# Exercise brief
Make an exact copy, from the records below, of the lines from the line containing "Fastens completely with" to the line containing "Трикотажный пижамный комплект", both lines included, excluding pictures.

# Records for this exercise
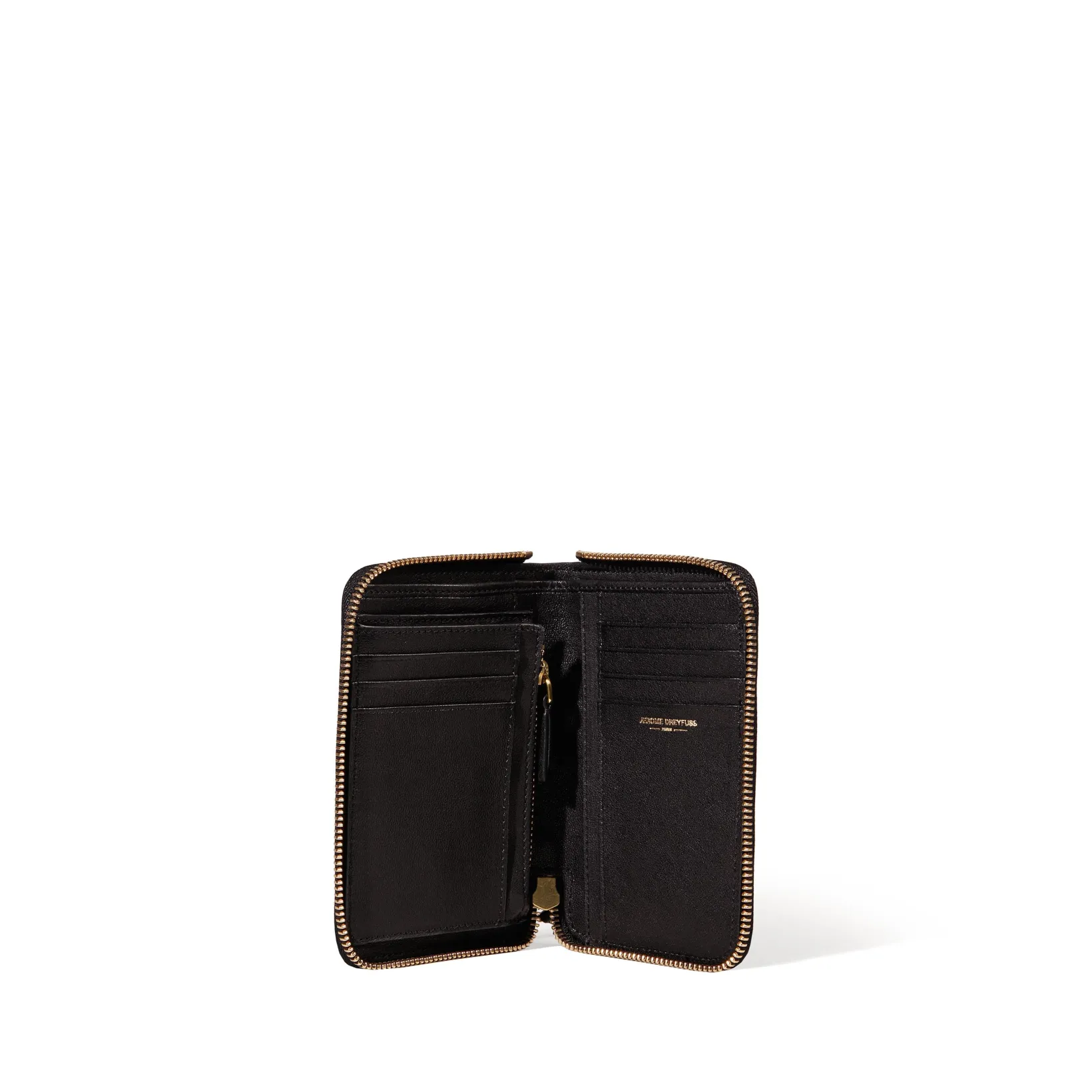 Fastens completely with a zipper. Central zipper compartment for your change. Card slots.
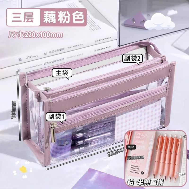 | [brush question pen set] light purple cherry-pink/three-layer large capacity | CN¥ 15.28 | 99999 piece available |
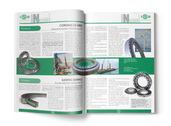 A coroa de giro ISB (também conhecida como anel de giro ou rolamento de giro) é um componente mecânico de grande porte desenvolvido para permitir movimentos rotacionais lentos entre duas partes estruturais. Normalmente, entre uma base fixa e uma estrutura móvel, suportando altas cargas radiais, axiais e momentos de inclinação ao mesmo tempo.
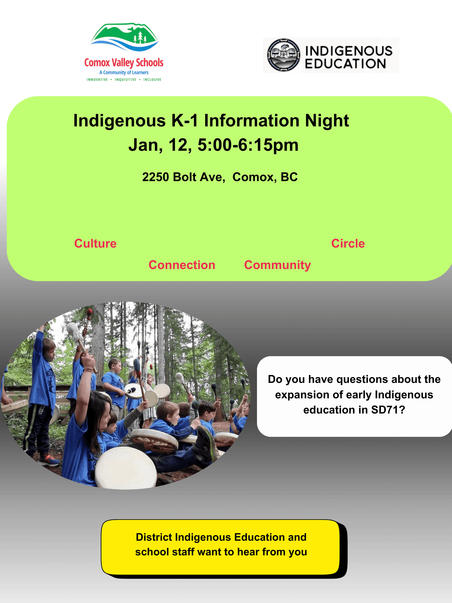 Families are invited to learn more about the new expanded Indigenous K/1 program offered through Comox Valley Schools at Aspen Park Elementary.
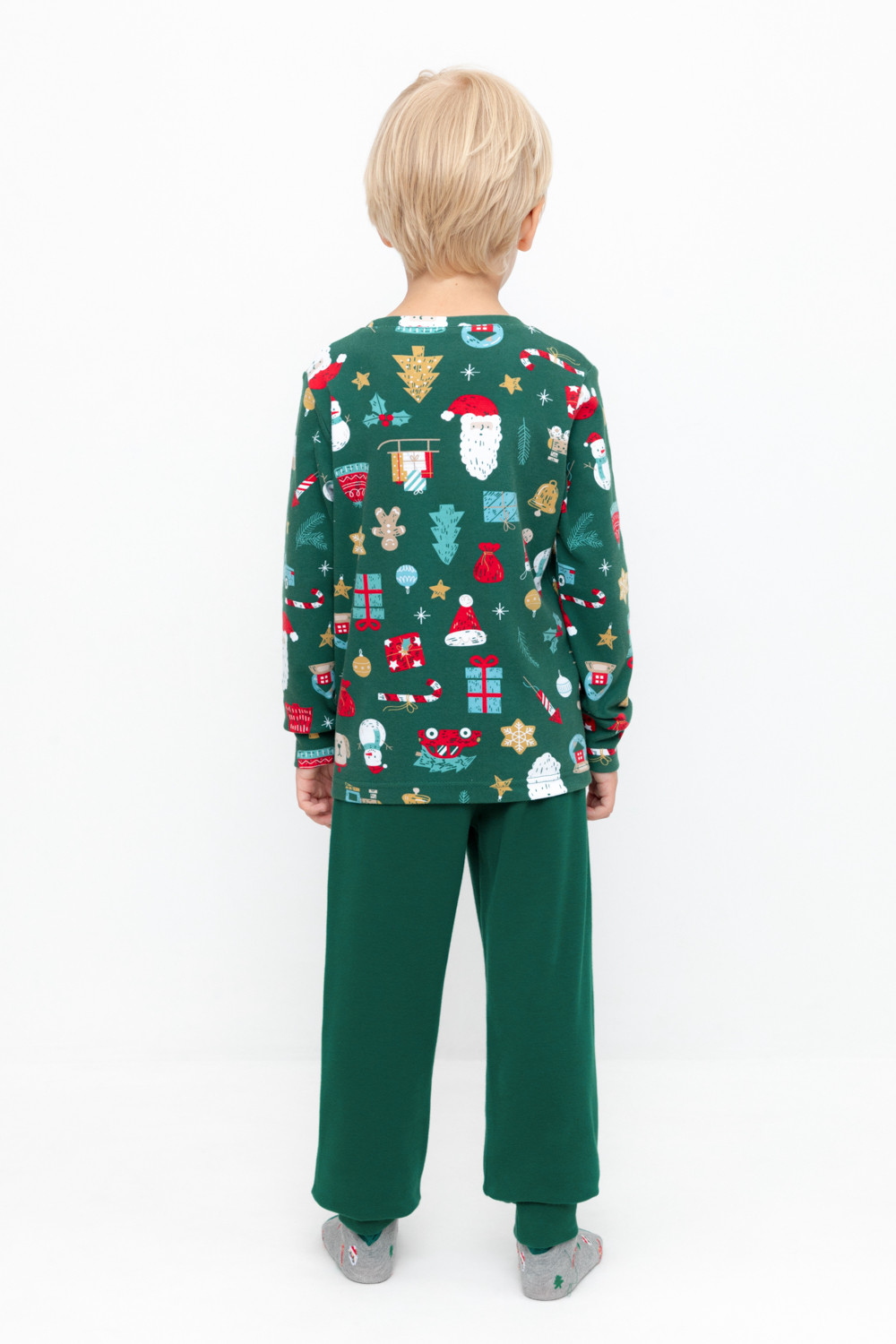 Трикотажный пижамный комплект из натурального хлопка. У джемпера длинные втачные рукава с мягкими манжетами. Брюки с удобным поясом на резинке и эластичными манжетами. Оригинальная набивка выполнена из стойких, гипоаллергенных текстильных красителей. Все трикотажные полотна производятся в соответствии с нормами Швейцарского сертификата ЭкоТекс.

--

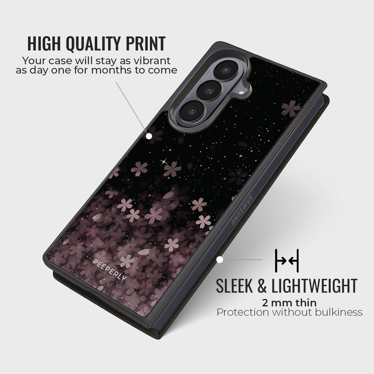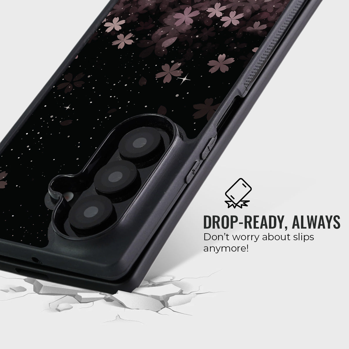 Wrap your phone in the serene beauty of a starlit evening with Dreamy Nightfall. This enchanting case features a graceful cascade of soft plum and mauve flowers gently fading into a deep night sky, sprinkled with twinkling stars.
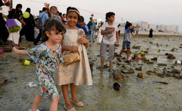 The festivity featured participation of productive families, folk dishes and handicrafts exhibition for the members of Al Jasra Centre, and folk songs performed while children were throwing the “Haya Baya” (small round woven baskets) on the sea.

* * *

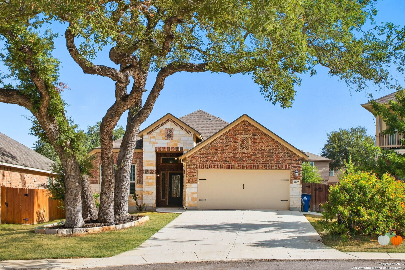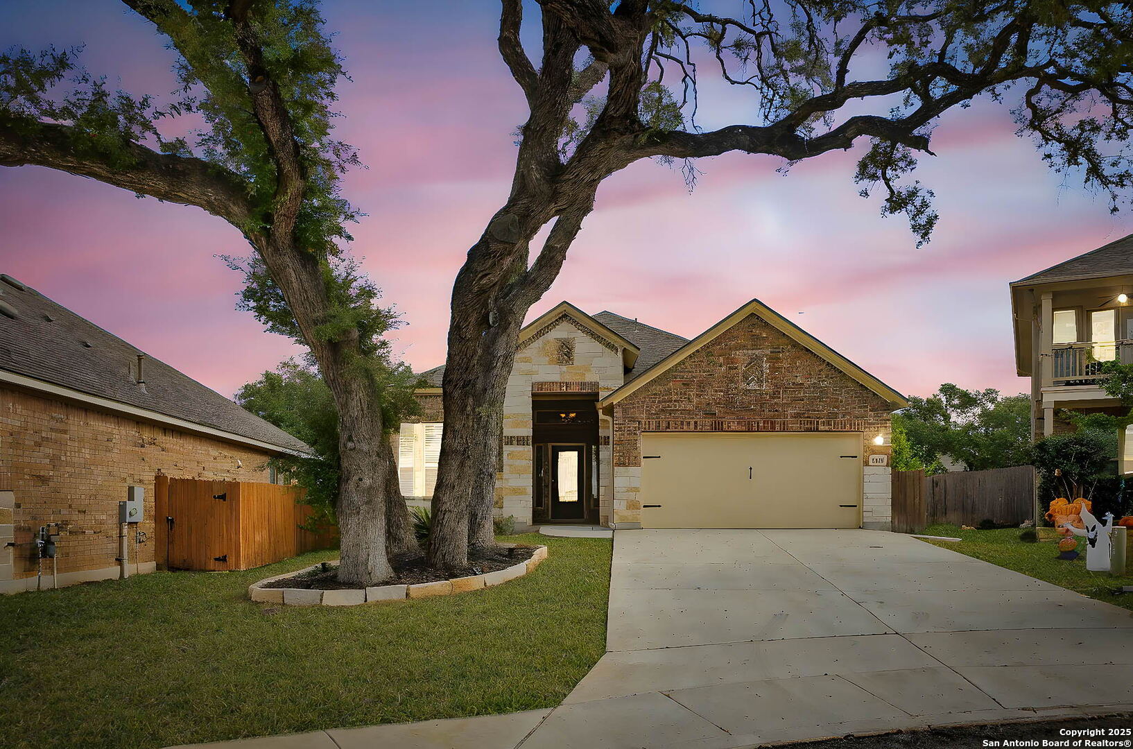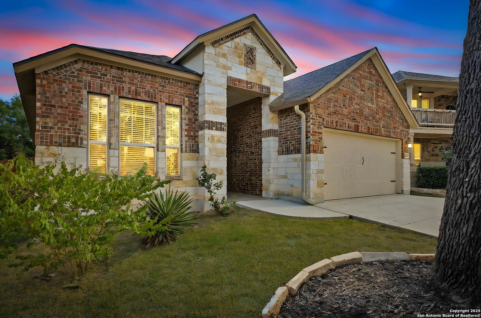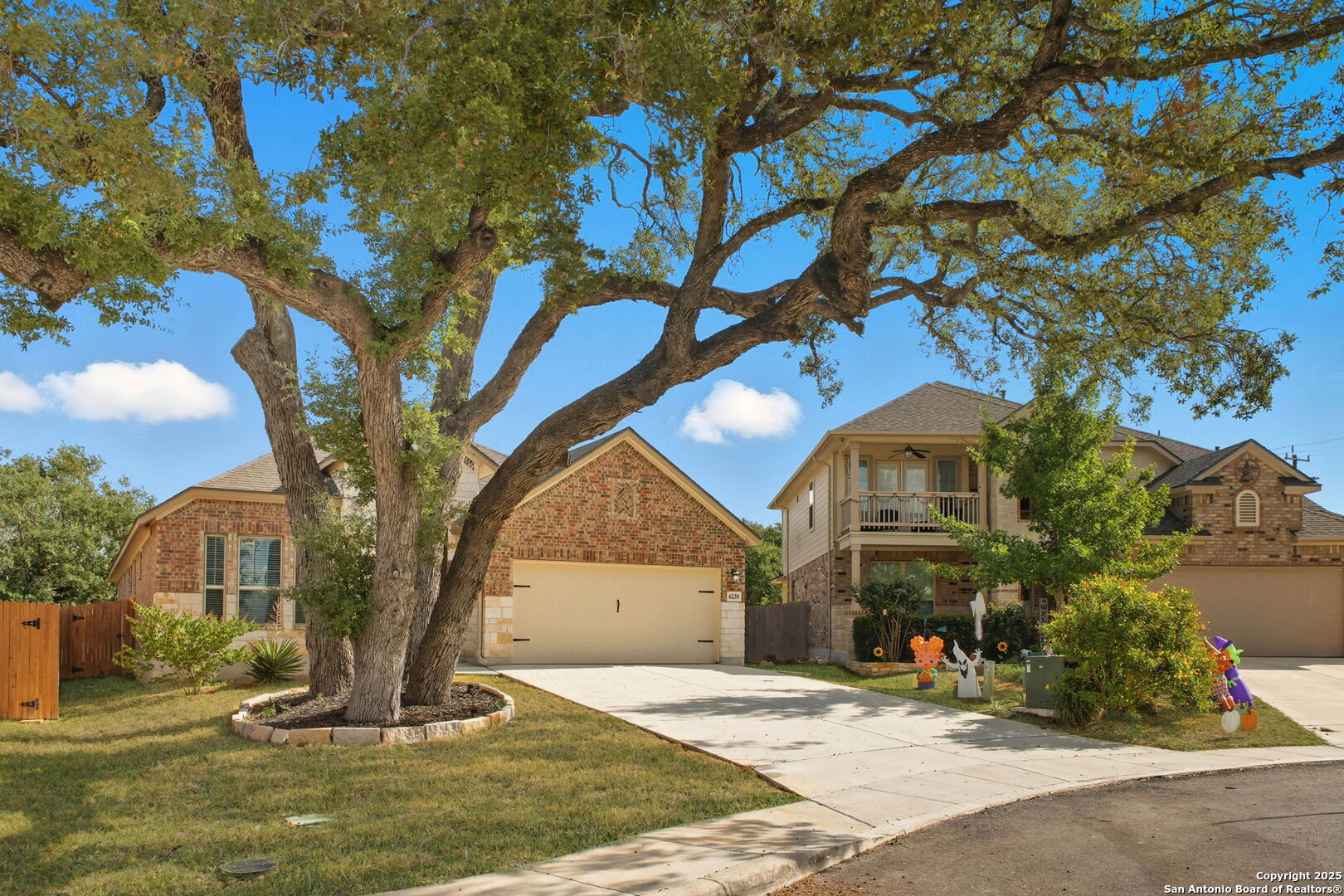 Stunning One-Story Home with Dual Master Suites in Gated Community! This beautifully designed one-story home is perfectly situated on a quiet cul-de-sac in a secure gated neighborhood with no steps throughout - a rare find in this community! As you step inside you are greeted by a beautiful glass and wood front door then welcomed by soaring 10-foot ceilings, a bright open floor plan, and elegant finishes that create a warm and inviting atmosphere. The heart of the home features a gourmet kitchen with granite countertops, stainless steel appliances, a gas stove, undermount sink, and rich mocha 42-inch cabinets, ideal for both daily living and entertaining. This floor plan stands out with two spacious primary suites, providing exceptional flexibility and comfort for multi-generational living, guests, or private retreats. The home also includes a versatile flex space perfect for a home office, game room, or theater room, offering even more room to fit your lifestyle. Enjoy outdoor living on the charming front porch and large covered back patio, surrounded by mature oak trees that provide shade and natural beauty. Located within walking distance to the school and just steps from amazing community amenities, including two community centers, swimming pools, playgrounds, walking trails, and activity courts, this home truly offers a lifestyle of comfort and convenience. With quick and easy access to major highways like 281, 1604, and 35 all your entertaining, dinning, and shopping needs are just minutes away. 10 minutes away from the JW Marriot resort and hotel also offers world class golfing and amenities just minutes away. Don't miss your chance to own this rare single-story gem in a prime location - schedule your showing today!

# Answer box
 Fastens completely with a zipper. Central zipper compartment for your change. Card slots.
 | [brush question pen set] light purple cherry-pink/three-layer large capacity | CN¥ 15.28 | 99999 piece available |
 A coroa de giro ISB (também conhecida como anel de giro ou rolamento de giro) é um componente mecânico de grande porte desenvolvido para permitir movimentos rotacionais lentos entre duas partes estruturais. Normalmente, entre uma base fixa e uma estrutura móvel, suportando altas cargas radiais, axiais e momentos de inclinação ao mesmo tempo.
 Families are invited to learn more about the new expanded Indigenous K/1 program offered through Comox Valley Schools at Aspen Park Elementary.
 Трикотажный пижамный комплект из натурального хлопка. У джемпера длинные втачные рукава с мягкими манжетами. Брюки с удобным поясом на резинке и эластичными манжетами. Оригинальная набивка выполнена из стойких, гипоаллергенных текстильных красителей. Все трикотажные полотна производятся в соответствии с нормами Швейцарского сертификата ЭкоТекс.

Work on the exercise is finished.